**The problem:** In the answer, each line from the top of the material through the line that contains "- White Quilted" is restated exactly. No picture is given again.

**Recorded data:**
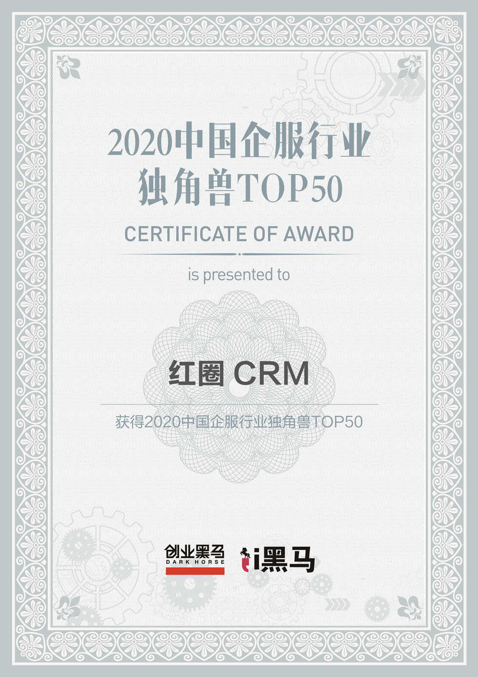 紅圈?CRM?榮登《2020?中國企服行業(yè)獨角獸?TOP50》
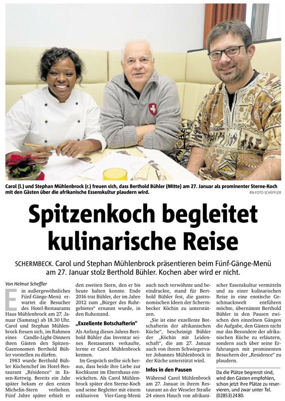 steht mit jedem Fuß in einer anderen Welt. Mit dem einen ist sie in ihrer kenianischen Heimat verankert, mit dem anderen steht sie mitten in der klassischen deutschen Küchentradition. Das bringt Bodenständigkeit und innere Beweglichkeit zugleich: „Afrikanisches Essen koche ich genauso, wie meine Mutter es mir beigebracht hat – ohne feste Regeln, dafür mit Leidenschaft und viel Erfahrung.“ Die deutsche Küche hat sie in ihrer Kochausbildung in Deutschland kennengelernt.
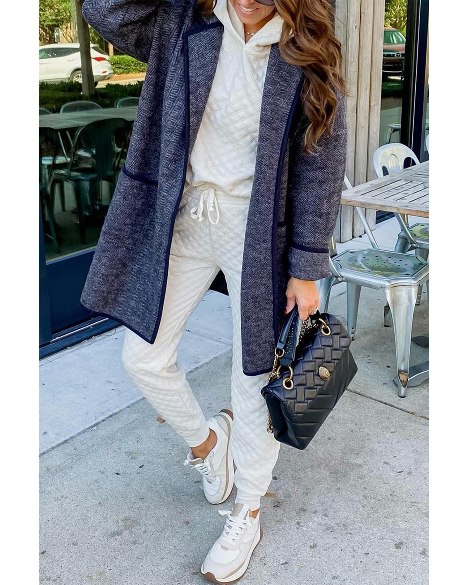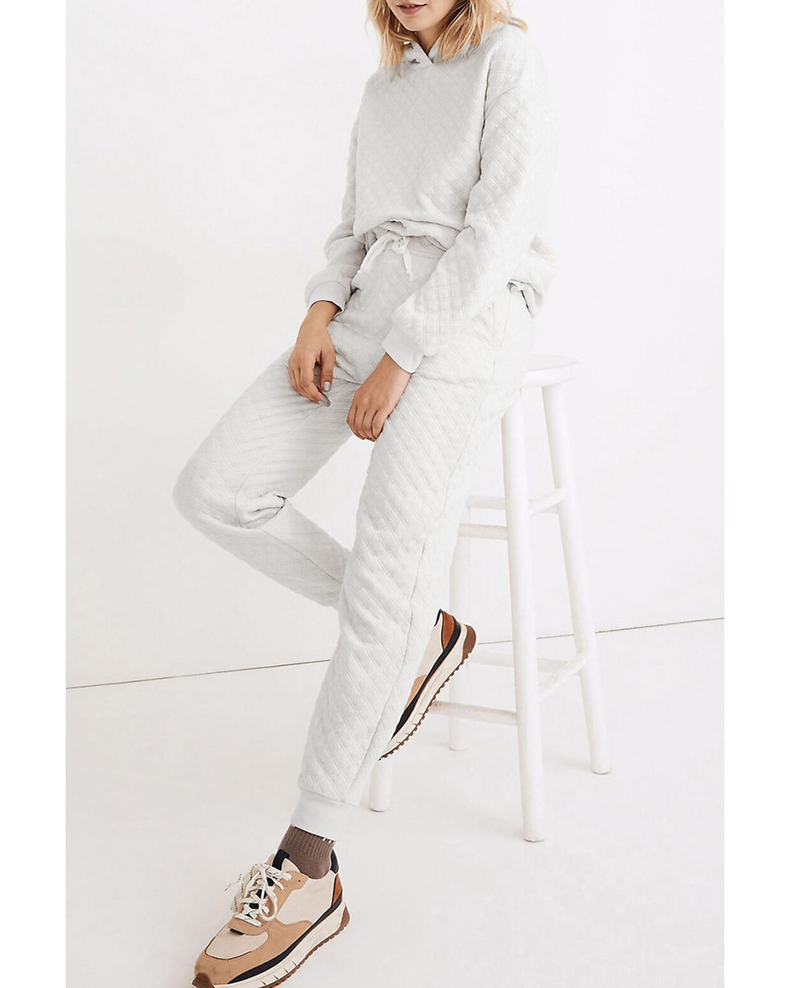- White Quilted Hoodie and Sweatpants Two Piece Set
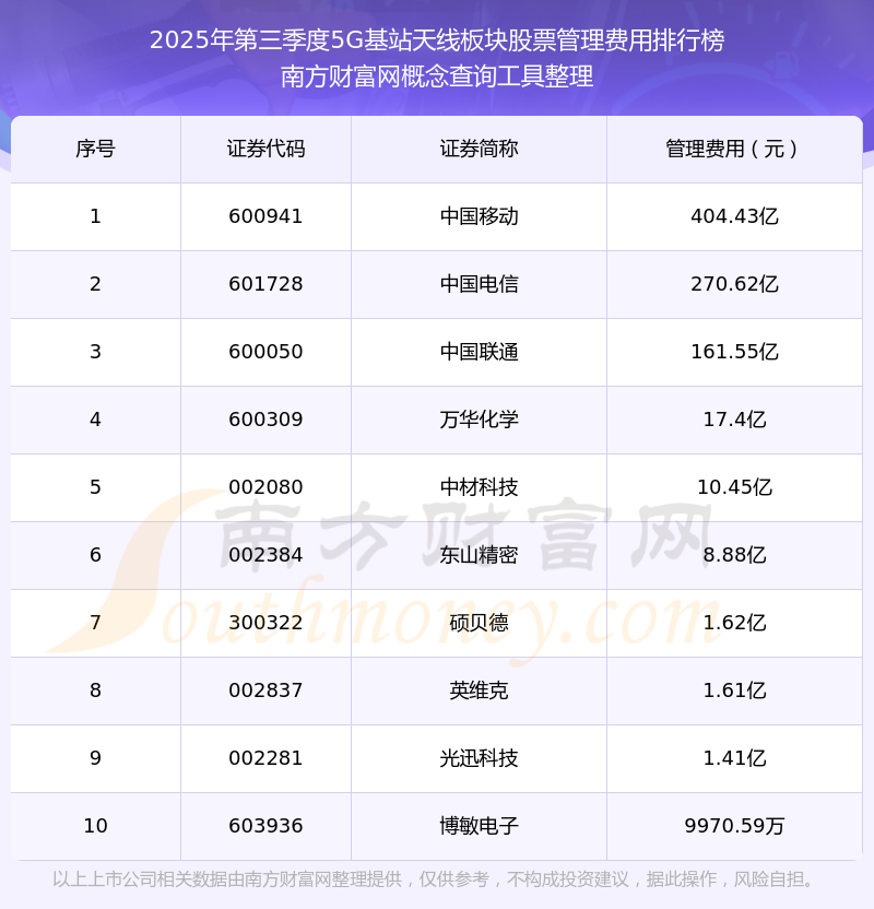 2025年第三季度,5G基站天线板块股票管理费用排行榜如下:中国移动(600941)的管理费用总额高达404.43亿,中国电信(601728)和中国联通(600050)分别排名第二和第三,万华化学(600309)、中材科技(002080)、东山精密(002384)、硕贝德(300322)、英维克(002837)、光迅科技(002281)、博敏电子(603936)分别进入前十,其管理费用总额分别排名第4-10名。

**Your solution:**
 紅圈?CRM?榮登《2020?中國企服行業(yè)獨角獸?TOP50》
 steht mit jedem Fuß in einer anderen Welt. Mit dem einen ist sie in ihrer kenianischen Heimat verankert, mit dem anderen steht sie mitten in der klassischen deutschen Küchentradition. Das bringt Bodenständigkeit und innere Beweglichkeit zugleich: „Afrikanisches Essen koche ich genauso, wie meine Mutter es mir beigebracht hat – ohne feste Regeln, dafür mit Leidenschaft und viel Erfahrung.“ Die deutsche Küche hat sie in ihrer Kochausbildung in Deutschland kennengelernt.
- White Quilted Hoodie and Sweatpants Two Piece Set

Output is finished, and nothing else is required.